Instructions for the task. For the material below, return exactly the lines starting at the line containing "This Exodia set" and ending at the line containing "Receptacle, Connection Orientation", both ends included, and no others.

==== Provided records ====

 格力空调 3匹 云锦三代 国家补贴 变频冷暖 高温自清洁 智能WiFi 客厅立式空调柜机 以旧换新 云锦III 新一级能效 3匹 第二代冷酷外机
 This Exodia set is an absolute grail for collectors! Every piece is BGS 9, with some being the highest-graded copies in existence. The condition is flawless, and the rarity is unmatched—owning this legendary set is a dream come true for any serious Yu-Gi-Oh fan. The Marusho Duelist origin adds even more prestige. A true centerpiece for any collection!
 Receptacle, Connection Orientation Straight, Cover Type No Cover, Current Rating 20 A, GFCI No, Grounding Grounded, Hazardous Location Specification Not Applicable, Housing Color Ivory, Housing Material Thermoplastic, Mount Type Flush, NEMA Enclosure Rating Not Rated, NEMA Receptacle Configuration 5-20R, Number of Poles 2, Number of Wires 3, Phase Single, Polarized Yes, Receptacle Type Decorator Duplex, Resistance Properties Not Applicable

====
==== Provided records ====

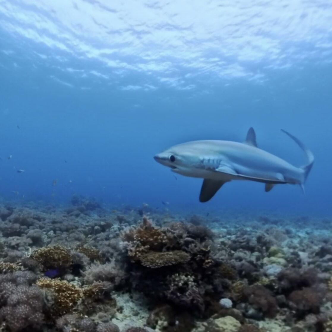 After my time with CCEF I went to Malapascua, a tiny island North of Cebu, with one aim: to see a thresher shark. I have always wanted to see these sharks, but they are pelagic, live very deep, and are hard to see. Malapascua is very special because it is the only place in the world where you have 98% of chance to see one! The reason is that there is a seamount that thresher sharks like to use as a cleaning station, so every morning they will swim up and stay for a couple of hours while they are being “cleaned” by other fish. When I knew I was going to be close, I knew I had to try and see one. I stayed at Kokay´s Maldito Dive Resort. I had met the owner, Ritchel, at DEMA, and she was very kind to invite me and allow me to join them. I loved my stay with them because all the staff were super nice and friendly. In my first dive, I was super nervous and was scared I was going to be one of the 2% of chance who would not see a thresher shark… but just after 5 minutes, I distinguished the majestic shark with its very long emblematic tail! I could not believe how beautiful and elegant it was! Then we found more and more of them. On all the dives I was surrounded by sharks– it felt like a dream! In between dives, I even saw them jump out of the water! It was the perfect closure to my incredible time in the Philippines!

====
==== Provided records ====

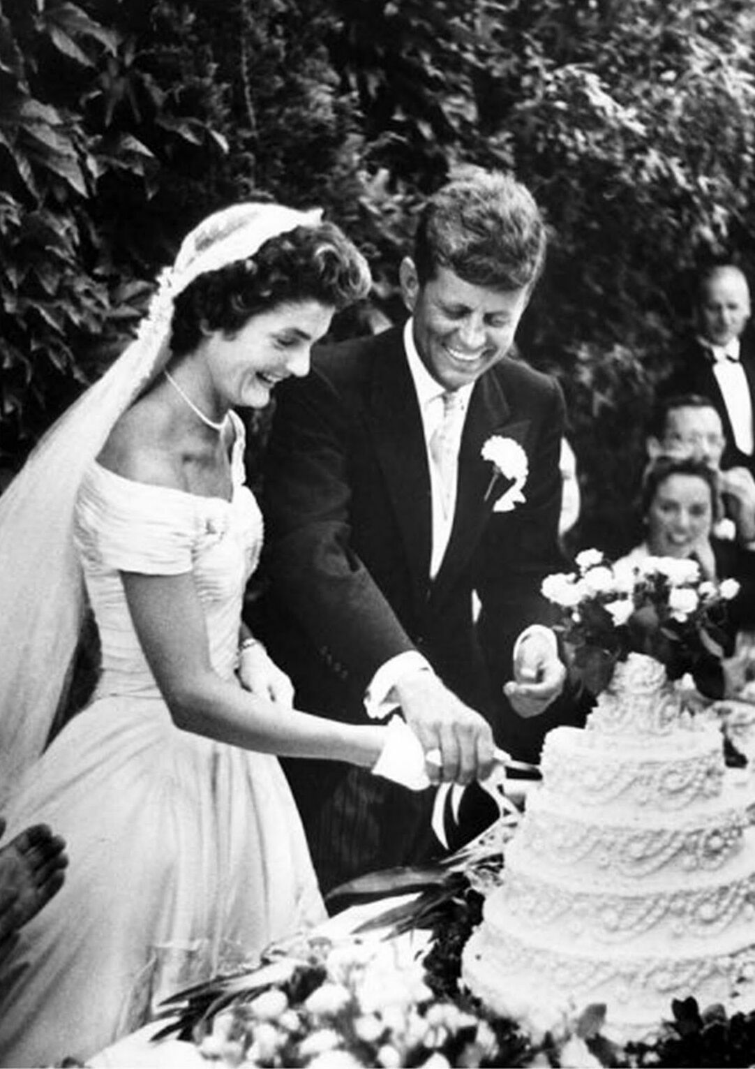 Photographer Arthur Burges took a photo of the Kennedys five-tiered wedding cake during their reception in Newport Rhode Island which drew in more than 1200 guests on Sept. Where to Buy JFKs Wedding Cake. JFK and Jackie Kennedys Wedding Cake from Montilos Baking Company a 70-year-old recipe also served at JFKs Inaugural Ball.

====

Answer for the task.
 This Exodia set is an absolute grail for collectors! Every piece is BGS 9, with some being the highest-graded copies in existence. The condition is flawless, and the rarity is unmatched—owning this legendary set is a dream come true for any serious Yu-Gi-Oh fan. The Marusho Duelist origin adds even more prestige. A true centerpiece for any collection!
 Receptacle, Connection Orientation Straight, Cover Type No Cover, Current Rating 20 A, GFCI No, Grounding Grounded, Hazardous Location Specification Not Applicable, Housing Color Ivory, Housing Material Thermoplastic, Mount Type Flush, NEMA Enclosure Rating Not Rated, NEMA Receptacle Configuration 5-20R, Number of Poles 2, Number of Wires 3, Phase Single, Polarized Yes, Receptacle Type Decorator Duplex, Resistance Properties Not Applicable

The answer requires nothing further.